Authorities said three men have died in an avalanche in an out-of-bounds area near a popular Washington state ski area. Other skiers who had been reported missing were accounted for on Sunday.
Sgt. Cindi West of the King County Sheriff's Office confirmed to msnbc.com the deaths of three people. The skiers were believed to be in their 30s and 40s, experienced and well-prepared.
Other skiers in the group managed to dig out the men and performed CPR, to no avail.
According to King5.com, one skier, a woman, was wearing a device used to provide air if swept up in an avalanche. She survived.
West said the slide occurred in an out-of-bounds area near Stevens Pass ski resort in the Cascade Mountains, about 13.2 miles east of the town of Skykomish.
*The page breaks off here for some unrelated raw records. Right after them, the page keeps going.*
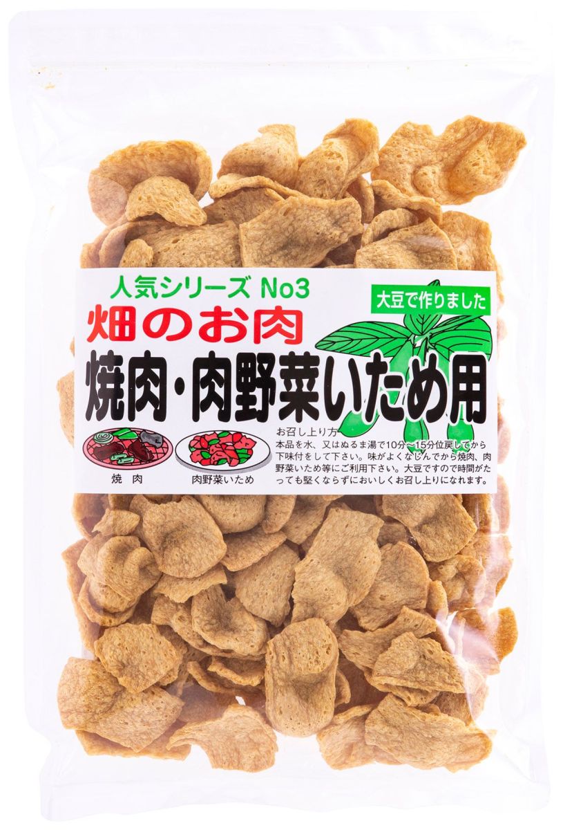 信州物産オリジナルの大豆ミート(ソイミート)「畑のお肉」は大豆を主原料に、まるで本物のお肉を食べているような食感に仕上げました。 大豆はコレステロールがゼロにもかかわらずイソフラボンやサポニンなどを多く含みます。 その栄養価はそのままに乾燥食品にしました。 ですから高たん白、低カロリーはそのままに日持ちがしますので、必要な時に必要なだけぬるま湯で戻して使うことができます。 お湯でもどしてお肉の代わりに肉野菜炒めなどにお使いください。 大豆の栄養はそのままにカロリーは普通のお肉の3分の1です!
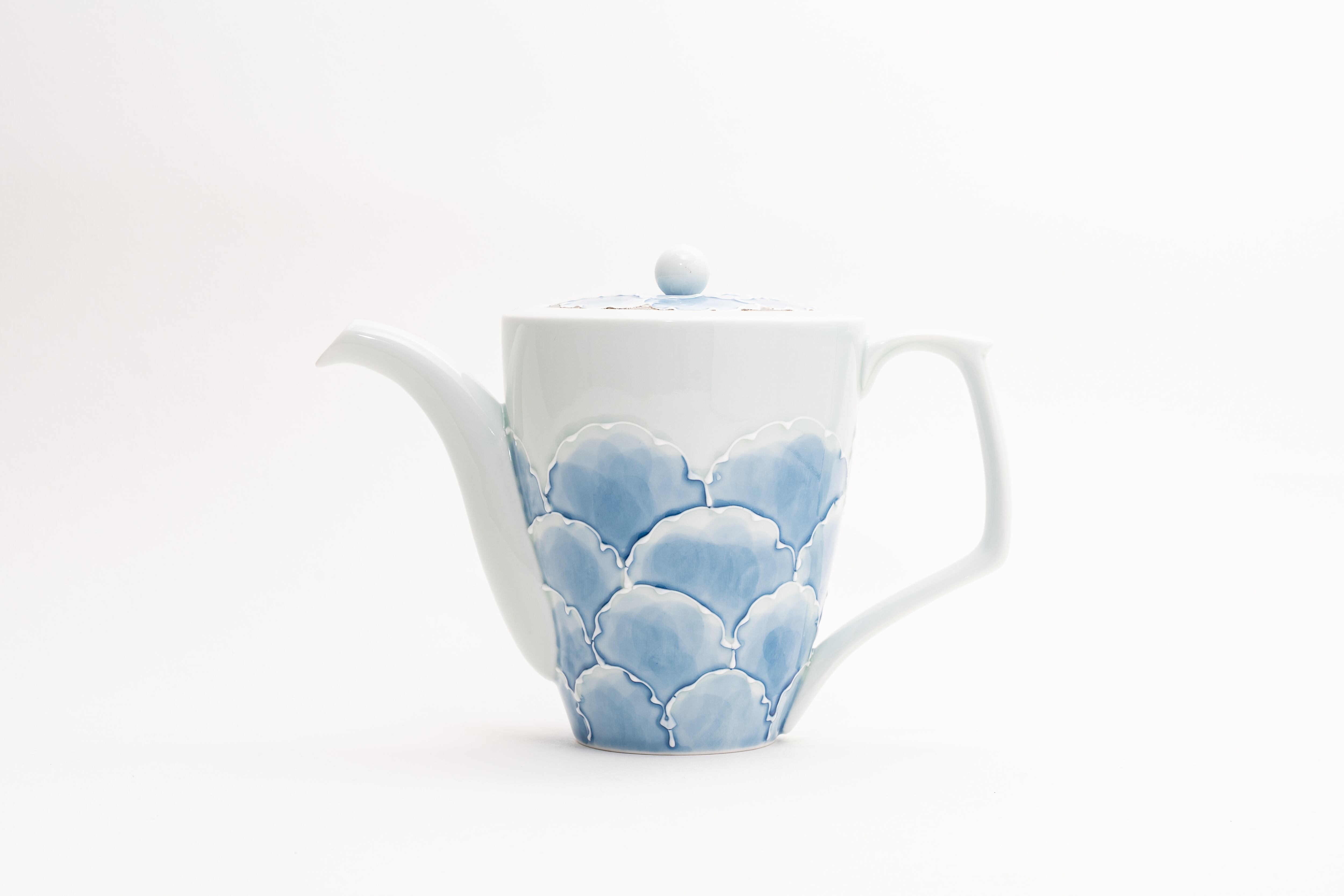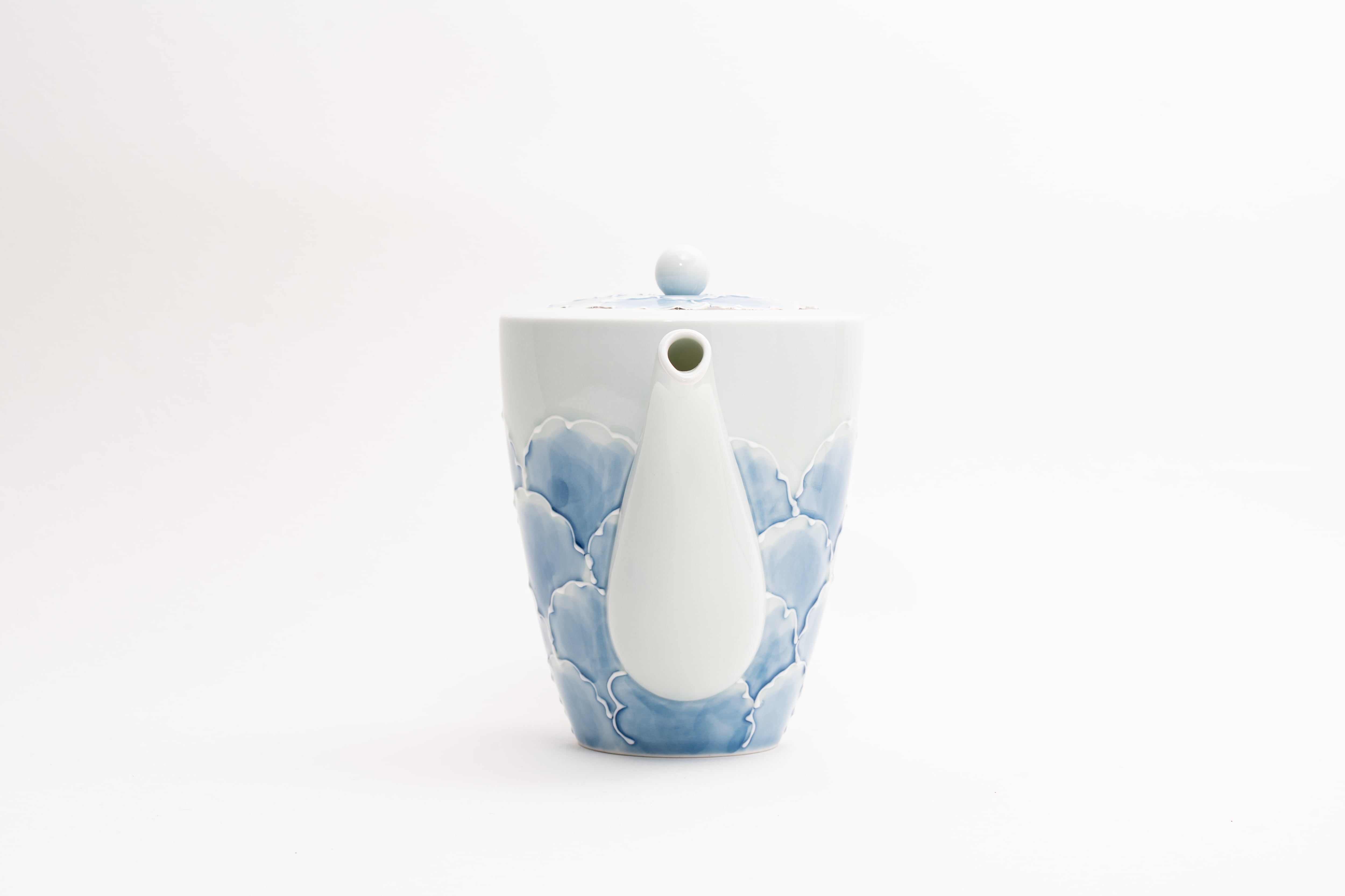 白磁の上に一珍技法で描かれた立体的な牡丹の花びらが印象的な、ギャラリー有田オリジナルの小サイズポットです。淡い藍色の牡丹と蓋のプラチナアクセントが、モダンで洗練された印象を与えます。1〜2人のティータイムにぴったりのサイズ感です。
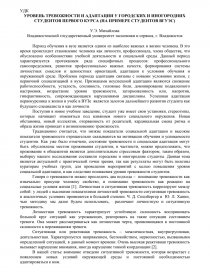 УРОВЕНЬ ТРЕВОЖНОСТИ И АДАПТАЦИИ У ГОРОДСКИХ И ИНОГОРОДНИХ СТУДЕНТОВ ПЕРВОГО КУРСА (НА ПРИМЕРЕ СТУДЕНТОВ ВГУЭС)
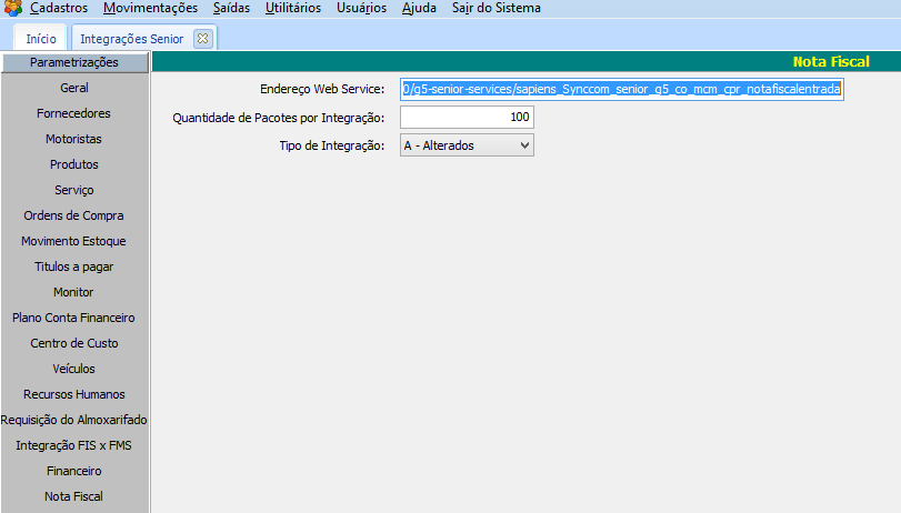 - Endereço Web Service*: Deverá ser informado o web service de integração das notas fiscais de entrada para o ERP Senior.
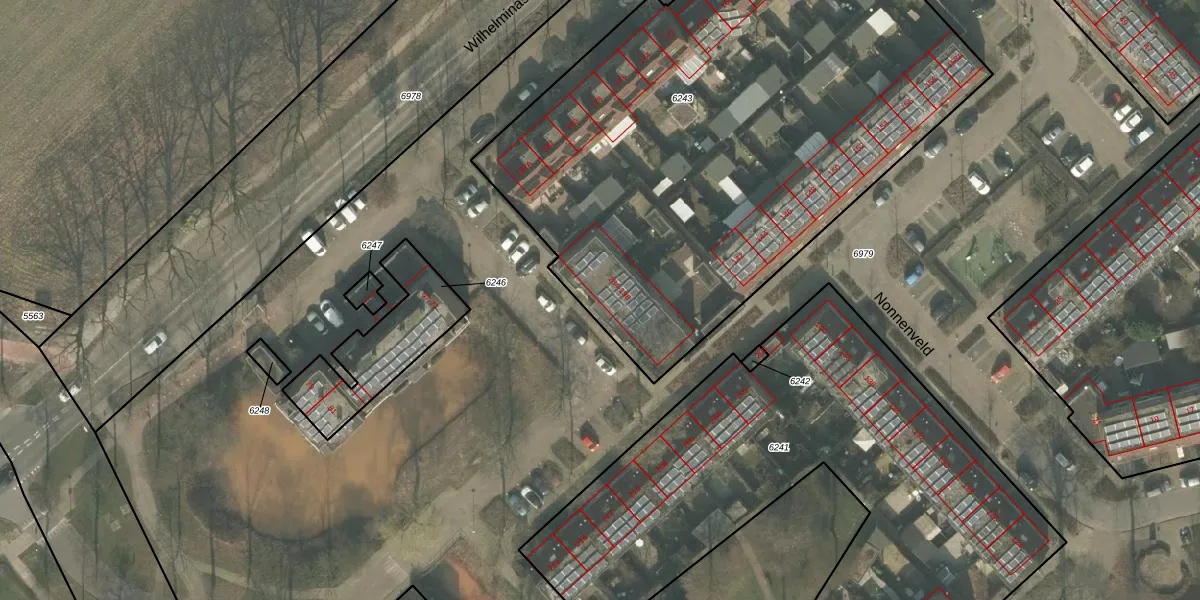 Het perceel waarop Nonnenveld 188 staat heeft een oppervlakte van 3540 m². Dit is een zeer groot perceel. De perceeloppervlakte wordt geregistreerd door het Kadaster. Gedetailleerde informatie over de maten van dit perceel kunt u vinden in het rapport Kadastrale kaart met maatvoering van Nonnenveld 188.
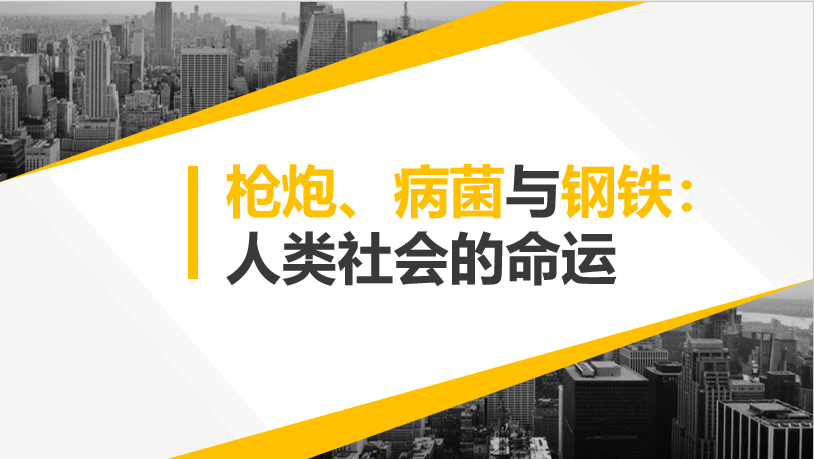 第二位主读人是网红黑料学专业的郭玮杰同学,她对本书前两部分(即前十章)进行了宏观的介绍,带领大家沿着作者的问题与思考,探究“为什么白人制造了货物并贩运至新几内亚,而黑人却几乎没有属于自己的货物”,提出“不同民族的历史遵循不同的道路前进,其原因是民族环境的差异,而不是民族自身在生物学上的差异”。

In a separate incident in the Cascades on Sunday, a snowboarder died after plunging off a cliff, West said. According to the Seattle Times, the snowboarder, age 41, triggered an avalanche that pushed him over a cliff.
The Northwest Weather and Avalanche Center on Sunday issued a warning for high avalanche danger for areas above 5,000 feet. The elevation of the avalanche wasn't immediately clear.
At mid-afternoon, the temperate at the base of the ski resort was 24 degrees, with light winds and good visibility. The temperature at the top of the mountain was 22 degrees, according to the resort's website.
The site also said Sunday was a "popular powder day" at the resort, with 14 inches of fresh snow falling overnight.
Stevens Pass, an 80-mile drive from Seattle, is among the most popular outdoor recreation areas in the state. People flock there to go cross-country, back-country and downhill skiing, as well as snowshoeing and backpacking.
It's been a deadly winter in Washington state's mountains. Four people disappeared in vicious storms while hiking and climbing on Mount Rainier last month.
Across the West, there had been 13 avalanche deaths this season as of Feb. 16, according to the Colorado Avalanche Information Center, which tracks avalanche deaths in the U.S.
Avalanche deaths are more common in the backcountry than at ski resorts. Out of about 900 avalanche deaths nationwide since the 1950-1951 winter, 32 were within terrain that was open for riding at ski resorts, according to the Utah Avalanche Center.